Historicamente, a subutilização de brasileiros de 18 a 24 anos é sempre
maior no mercado trabalho, mas em momentos de crise essa tendência se agrava
porque os jovens têm menos experiências e baixa qualificação. Portanto, são os
mais vulneráveis aos momentos de crise.
E, com menos jovens entrando no mercado, cairá a contribuição para o
sistema previdenciário, levando prejuízo ao sistema já deficitário.
O quadro mais difícil para os jovens fica evidente quando se compara o
crescimento da população de subocupados de 18 a 24 anos em relação ao total dos
brasileiros. Entre 2012 e o primeiro trimestre de ano, a fatia de subocupados
na economia brasileira passou de 20,9% para 25%, enquanto entre os jovens de 18
a 24 anos o aumento foi de 30,1% para 41,8%.
“O mercado de trabalho continua restritivo, mas, sobretudo, para os mais
jovens”, afirma o economista da Tendências e responsável pelo levantamento,
Thiago Xavier.
'Disputa
com os mais experientes' - "Olhando
para quem entra hoje, a situação é complicada porque se depara com uma economia
que não cresce, um mercado de trabalho com muita gente desempregada e pessoas
sem experiência que concorrem com pessoas com qualificação que estão
desempregadas e que topariam trabalhar por um salário menor", explica
Juliana Inhasz, coordenadora da graduação em Economia do Insper.
"Antes se falava em substituir pessoas mais velhas por mais novas
que topariam trabalhar menos, hoje o cenário mudou porque essas pessoas mais
velhas topam ganhar menos", completa.
Segundo a especialista, houve uma redução na rotatividade do mercado,
no que se refere à saída dos mais velhos e à entrada dos jovens. "Agora
essa pessoa de 50 anos vai trabalhar até os 75 anos. Tudo isso dificulta a
entrada do jovem no mercado de trabalho", diz.

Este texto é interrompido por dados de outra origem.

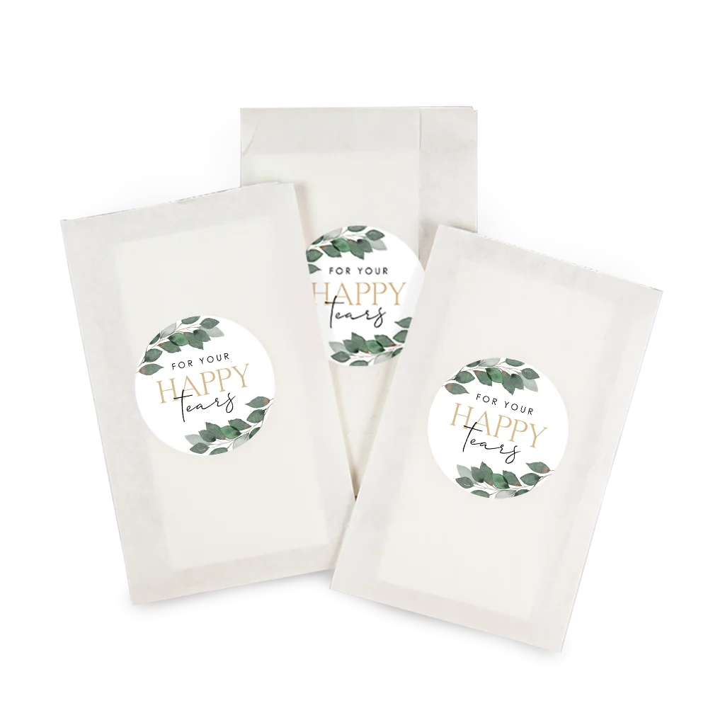 Plak deze ontzettend leuke happy tears stickers op een pakje zakdoekjes. Zo heb je een leuk cadeautje voor jullie bruiloftsgasten. Bewerk gemakkelijk in de editor.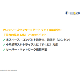 This document introduces the utilization methods of the PAL series sensors and Gateway BOX provided by Hexacore Corporation, as well as seven key points about "visualizing electricity." In addition to being able to respond "immediately" to small-scale implementations and trials, it also mentions that there is no need for server or network construction. Additionally, it features a lineup of main products such as the "Gateway BOX," "PAL-Plus type E," and "PAL-Plus." We encourage you to read it. [Contents] ■ Points of the Gateway BOX that allows for "immediate" and "easy" visualization and monitoring of measurement data ■ Points of the PAL series sensors that can measure AC current and simple accumulated electric power ■ Main products and company overview *For more details, please download the PDF or feel free to contact us.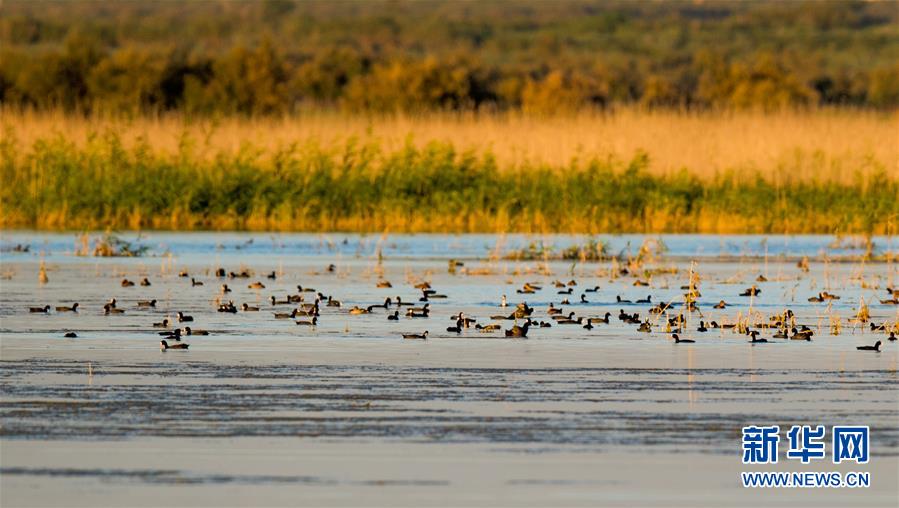 7月28日,灰雁在桃力廟—阿拉善灣海子覓食。鄂爾多斯?jié)竦匚挥趲觳箭R沙漠、毛烏素沙地接壤地帶,2002年被列入國際重要濕地名錄。從2006年開始,由于濕地湖面萎縮、湖心島消失,在此筑巢繁殖的世界瀕危物種遺鷗幾近消失。近年來,當(dāng)?shù)夭扇《喾N治理措施,濕地生態(tài)環(huán)境逐步好轉(zhuǎn)。2019年起,濕地內(nèi)的桃力廟—阿拉善灣海子迎來遺鷗大規(guī)?!盎貧w”。如今,40多種鳥類在此棲息,鄂爾多斯?jié)竦刂匦鲁蔀轼B類的樂園。新華社記者連振攝

Juliana Inhasz alerta ainda que, uma vez aprovada a reforma da
Previdência, as pessoas terão que trabalhar por mais tempo para se aposentar –
e isso cria uma concorrência maior dentro do mercado.

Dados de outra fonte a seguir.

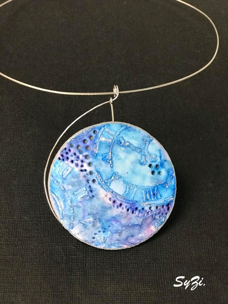 Kulatý náhrdelník se speciálním zavěšením o velikosti cca 6 cm v modrých barvách s jemnými tóny levandulové a stříbrné, je velmi originálním doplňkem.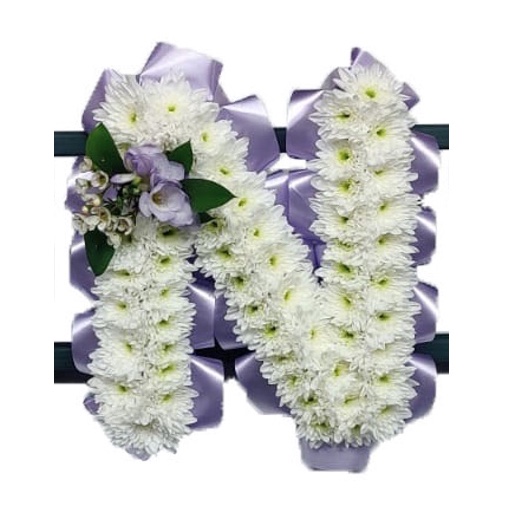 Made with a chrysant base, with a small arrangement finished with green foilage, Available in any name or relation in floral letters A to Z or 1 to 0 (maximum 8 character per tribute)
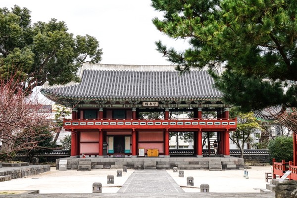 【觀德庭】濟州道內歷史最為悠久的建築物之一,於1963年1月21日被指定為第322號寶物,朝鮮時代世宗30年(1448年)牧使辛淑晴為訓練士兵所創建的。觀德之名取義自「射箭的人平常為端正心思,培養出眾的德行」,觀德亭的橫樑上刻劃著十長生圖、赤壁大捷圖、大狩獵圖等高格調的壁畫。

"O jovem não tem experiência e vai ter que começar a concorrer com
pessoas que vão ficar mais tempo no mercado de trabalho."
Estados - A situação
é mais grave para os jovens do Amapá e do Acre. Nesses estados, o desemprego
passa de 40% para os que têm entre 18 e 24 anos. Mas mesmo em Santa Catarina,
estado com o menor desemprego nessa faixa etária, a taxa ainda é alta, chegando
a 14,5%, superando o desemprego geral no total do país (12,7%).
Informalidade - Se e
quando a economia voltar a crescer, o mercado de trabalho deve ganhar dinamismo
e o jovem volta a se empregar. Mas esse cenário pode demorar para acontecer.

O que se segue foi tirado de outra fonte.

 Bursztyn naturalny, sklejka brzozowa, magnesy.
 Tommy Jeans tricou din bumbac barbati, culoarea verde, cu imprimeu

Enquanto isso, parte dos jovens caminha para atividades informais ou autônomas,
aponta Juliana.
"Tem muita
gente trabalhando na informalidade ou por conta própria. O jovem não tem
capital para empreender, por isso vai para a informalidade, trabalhando sem
carteira assinada. E tem também os jovens que trabalham em atividades ilegais,
vendendo produtos sem nota ou sem estar autorizado pelos órgãos
competentes", diz ela. "É um sintoma claro que os jovens querem se
colocar no mercado, então arrumam alternativas, seja na informalidade ou
ilegalidade para ter a sua renda."
Para Natália Sotero Fernandes, a
informalidade é uma realidade há dois anos. Demitida do primeiro e único
emprego formal, a estudante de pedagogia dá aulas particulares no quintal de
casa, em Santa Luzia, região metropolitana de Belo Horizonte.
“Mandei currículo
até perder as contas. Cheguei a fazer entrevistas, mas não deu em nada. Acabei
desistindo”, conta.
Efeitos
para o futuro - O efeito perverso do desemprego para os jovens brasileiros não
vai se dar apenas no curto prazo. Para o futuro, o quadro é bastante
preocupante, segundo os economistas, porque os jovens desempregados de hoje não
vão ter qualificação e experiência suficientes para entrar no mercado de trabalho
se a economia voltar a crescer.
“O Brasil não está
dando oportunidade para uma mão de obra da qual ela vai depender no futuro”,
afirma o economista Cosmo Donato, da consultoria LCA.
Jovens menos qualificados comprometem a produtividade do Brasil, diminuindo
ainda mais o potencial de crescimento da economia, e também produzem uma
pressão adicional para as contas públicas.
Embora o desemprego afete os jovens de todos os níveis de formação,
quem tem nível educacional menor sofre mais dentro desse cenário. O IBGE não
cruza as informações de idade e instrução. Mas os dados incluindo todas as
faixas etárias mostra que a população com ensino superior completo tem as
menores taxas de desemprego.
Com isso, quem sofre
mais com o alto desemprego são os trabalhadores de menor nível educacional.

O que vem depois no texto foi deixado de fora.